Flux Compendium Robin Fox & Anthony Pateras

eMEGO

First and maybe obvious point. This magnificent disc has to be listened to at full volume on a proper hi-fi, not headphones or incar stereo. That way the sonic terrorism of the opening track comes at you full force, and the subtler effects of subsequent tracks aren’t lost in environmental sound. Pateras and Fox are a terrifying soundart double-act from Melbourne’s outer suburbs – Pateras produces the material ..boards or as here exclusively, vocalising, and Fox processes the result in real-time on laptop. I was misled to some extent by the CD blurb: “Equal parts postwar beard and modern patchnocrat…two of Melbourne’s hairiest sons nosedive and writhe in their unique take of sonic totalism, rising out of the muck with their kaleidoscopic best.” You might be too if you don’t dig beneath the zany humour that’s such an attractive part of their act. Don’t take it without argument that sounds of slurping reflect the pair’s eating habits, or that the oral noises should have invoked a Parental Advisory sticker.

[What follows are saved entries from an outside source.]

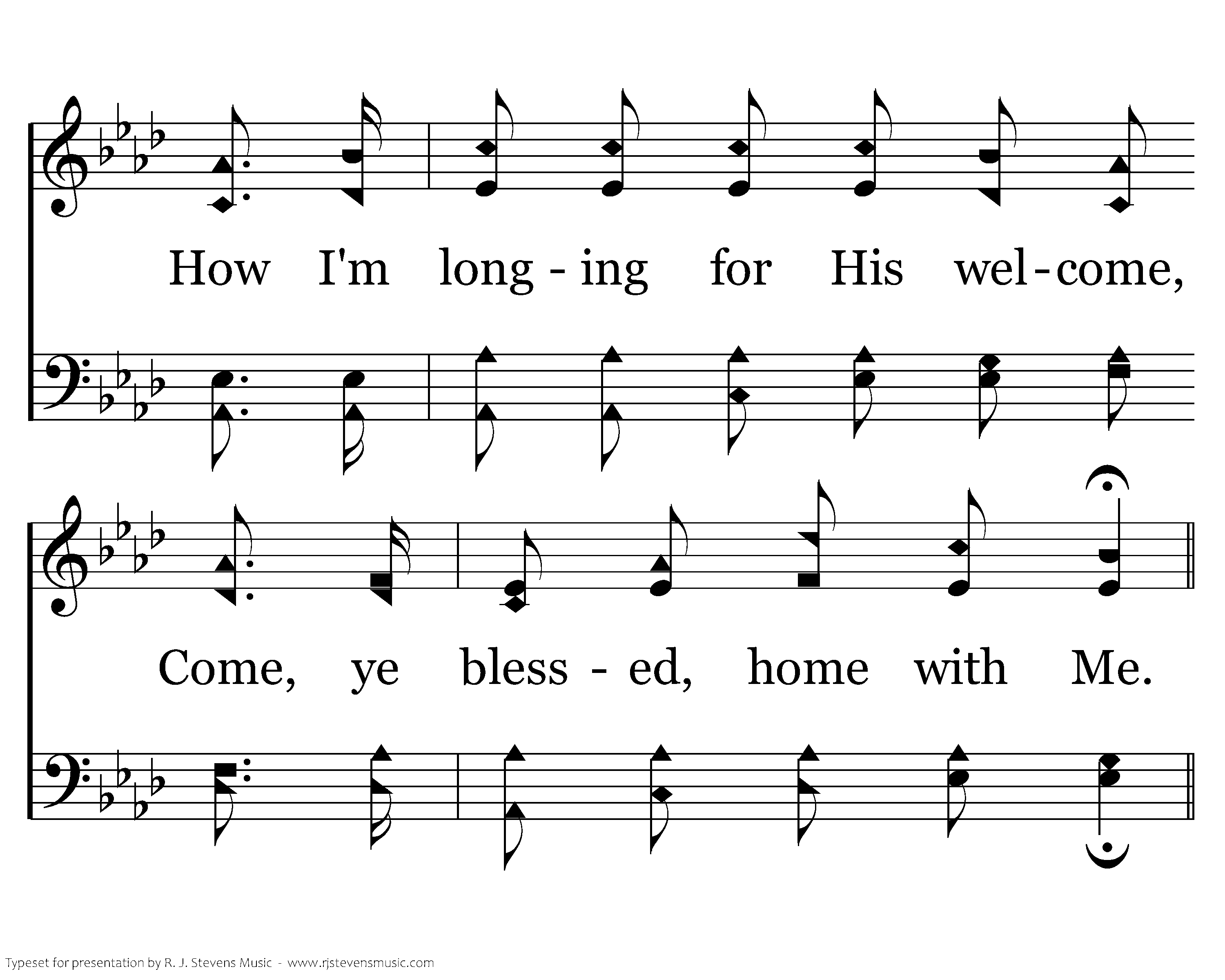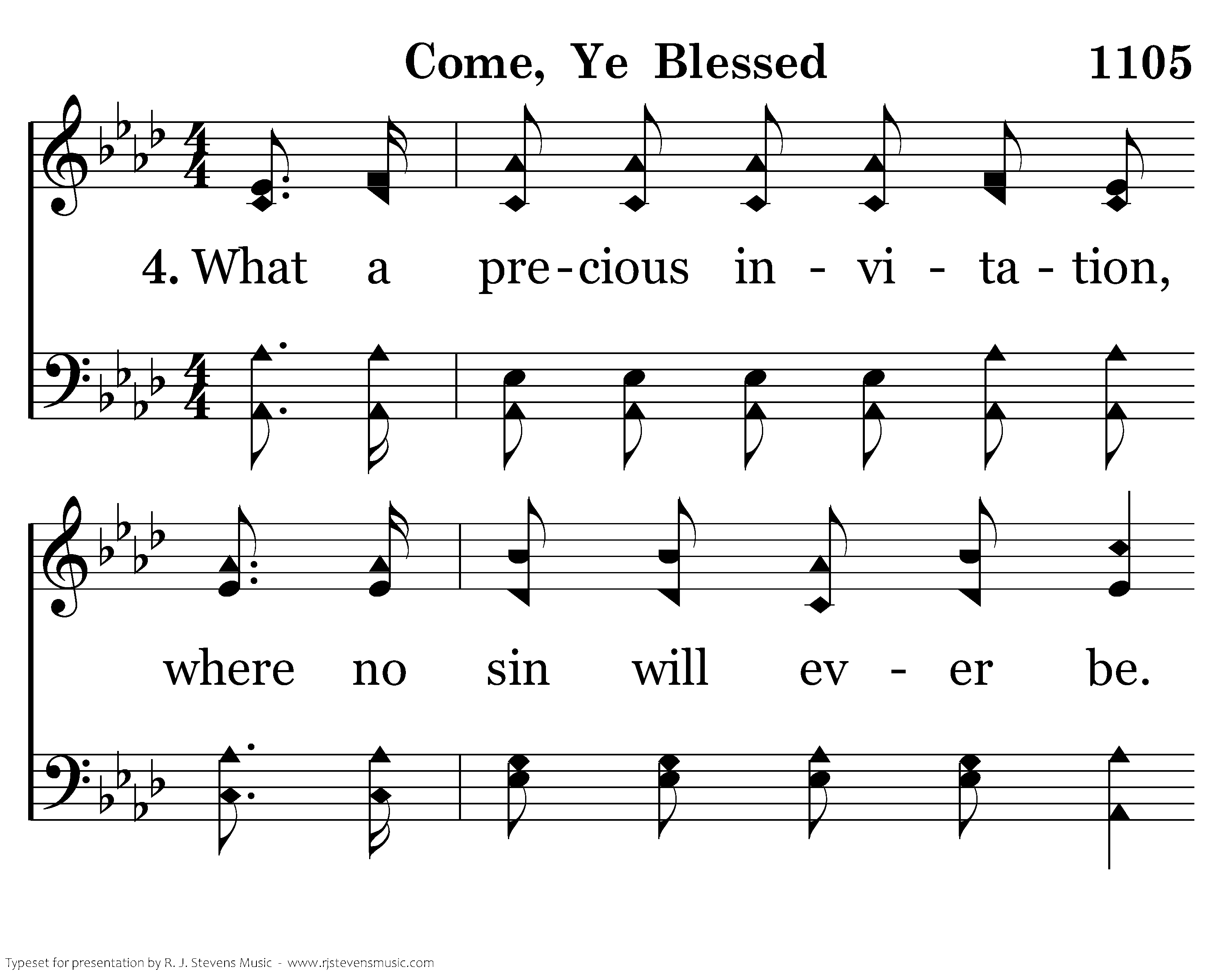 What a precious invitation, where no sin will ever be. How I'm longing for His welcome, Come, ye blessed, home with Me.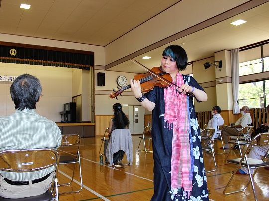 講演は「音楽と人との出会いに支えられて」と題し、牧さんがバイオリンを習い始めてからの体験談や、子どもの頃にいじめにあった経験などを話し、話の合間にバイオリンでさまざまな曲を演奏しながら人権の大切さについて理解を深めました。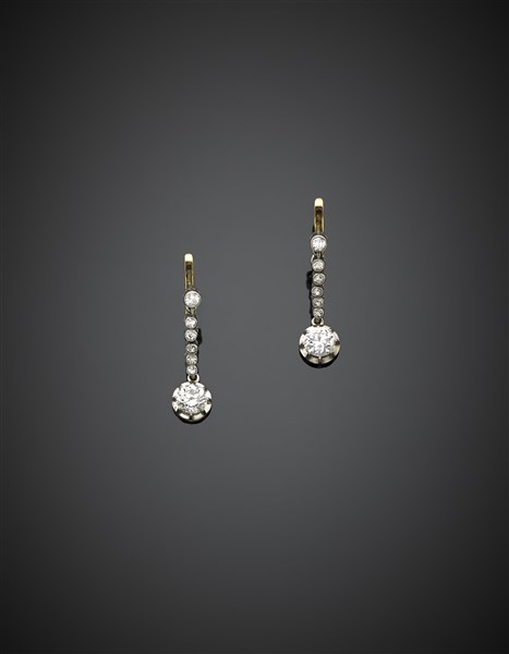Two round ct. 0.65 circa each diamond yellow gold and platinum pendant earrings, in all ct. 1.60 circa, g 4.80 circa, length cm 2.50 circa. French marks for gold and platinum.

Tracks are quite short, each with a distinct character, multi-dynamic and in constant flux. The comparatively brief opening barrage of “Apocalypse Now And Then” is a wacky, scratch ‘n’ sniff manipulation of electroacoustic clichés and sci-fi effects, bizarrely juxtaposed with a compendium of bodily functions – “punk concrète” as its authors call it. The way Pateras licks around the mic on “Aphasia” and “Olfactophobia” is quietly disgusting, while “$2.50” is a relief from orality in its focus on bell and coin sounds. The compressed and fractured argument of “Threat In Three Parts” leaves this listener in stitches, while “Perilymph” is untypical in its 13-minute length, and haunting, glitch-inflected evocation of the sine-wave/sci-fi school of electroacoustic composition. To process Pateras’s signal, Fox employs a variety of techniques, mostly involving live sampling and manipulation of those samples, he explains – moving between real-time musique concrète and a kind of granular synthesis which inserts pre-designed ideas or licks built up from grains of sound. Make no mistake, Pateras and Fox are serious and major artists who happen, on occasion, to be very funny. Flux Compendium is a scream and also very beautiful, the finest showcase to date of their compositional flair and wit.